Role-Based Versions — The portfolio exists in 2-3 variants tailored to different role types (e.g., technical_architect, full_stacK_engineer). Each version defines an ordered list of slide IDs — controlling which slides appear and in what sequence. All versions draw from the same pool of slides.

Tracking Links — Every link contains a unique slug tied to a specific company and role version. Links are managed via a CLI script and stored in DynamoDB. A link that has not been created returns a 404 — there is no generic or fallback portfolio.

Engagement Metrics — After the portfolio renders, a lightweight heartbeat fires every 30 seconds to record time-on-page. Visit metadata (timestamp, referrer, user-agent) is captured on the initial server-side validation call.
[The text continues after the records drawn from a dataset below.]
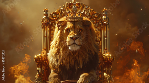 Majestic lion wearing a royal crown sitting on a golden throne surrounded by fire and smoke. Symbol of power, royalty, leadership, strength, king of the jungle, and divine authority.
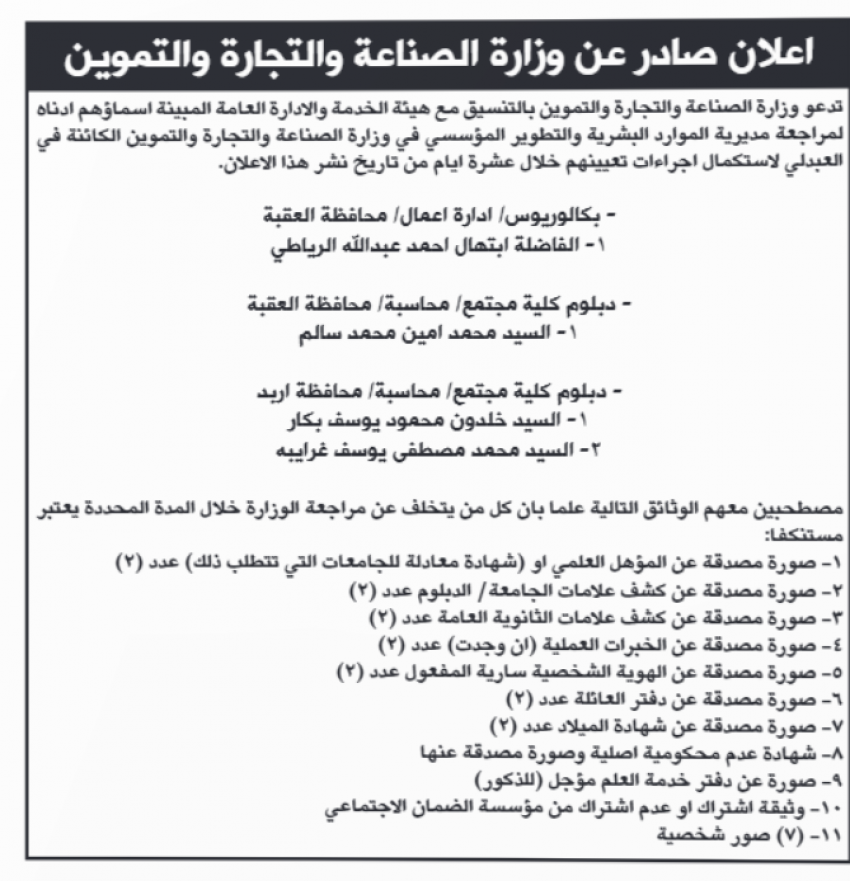 وتاليًا إعلانات التوظيف والمدعويين للتعيين:
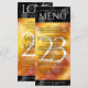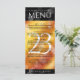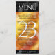 Add sophistication to 23rd imperial topaz wedding anniversary celebrations with this dinner menu, which features elegant lettering and hexagonal confetti on deep red-yellow-orange moire and black backgrounds. Customise with couple's names, dates of marriage, venue details, menu items, and congratulatory messages.

All tracking data is queryable via a CLI script.

Scripts

CLI tools in scripts/ for managing links and reviewing engagement. See scripts/README.md for full usage.

  • manage-links — Create, list, and revoke tracking links. Writes to DynamoDB directly using the operator AWS profile.
  • view-metrics — Query visit and engagement data from DynamoDB. Supports filtering by slug or company.
  • seed — Populate DynamoDB tables with slide content, role versions, and initial tracking links.